Emamode Edosio, popularly known as Ema, is a Nigerian filmmaker and film director. She obtained a Bachelor of Science (B.Sc.) in Computer science from Ogun State University. She studied digital film making at New York Film Academy (NYFA) and motion pictures at the Motion Pictures Institute of Michigan, United States. She received the best Film and Director of the year by sisterhood award.

In 2013, she returned to Nigeria. She worked with film production company like 66 Dimension is 2007. She later worked with Hip Hop TV, Clarence Peters at Capital Dreams Pictures, EbonyLife TV and as editor at BBC.  
Ema returned to school in Abuja to further study cinematography. She have produced many films like “Joy Ride”, “Ochuko” and directed Kasala.

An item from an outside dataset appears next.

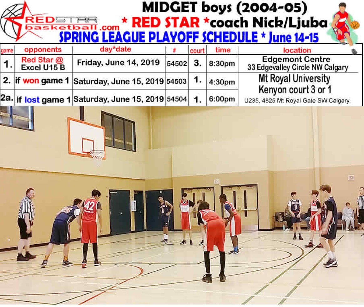 Midget boys will be playing their games @ Mt Royal University on Friday and Saturday June 14-15.. This team was the only team that never played with same players from very first game.. We hope that for the playoff games to see at least complete team playing together.. Good luck and enjoy the games

Early life and education career

Edosio was born into a Christian home. She is the third child of the seven children in her family. Her father is a retired architect and her mother was a lawyer. She started her education at Loral Nursery and Primary School, Festac town, Lagos after which she proceeded to the Federal Government College, Odogbolu for a few years before concluding her secondary education at S-tee Private Academy, Festac Town.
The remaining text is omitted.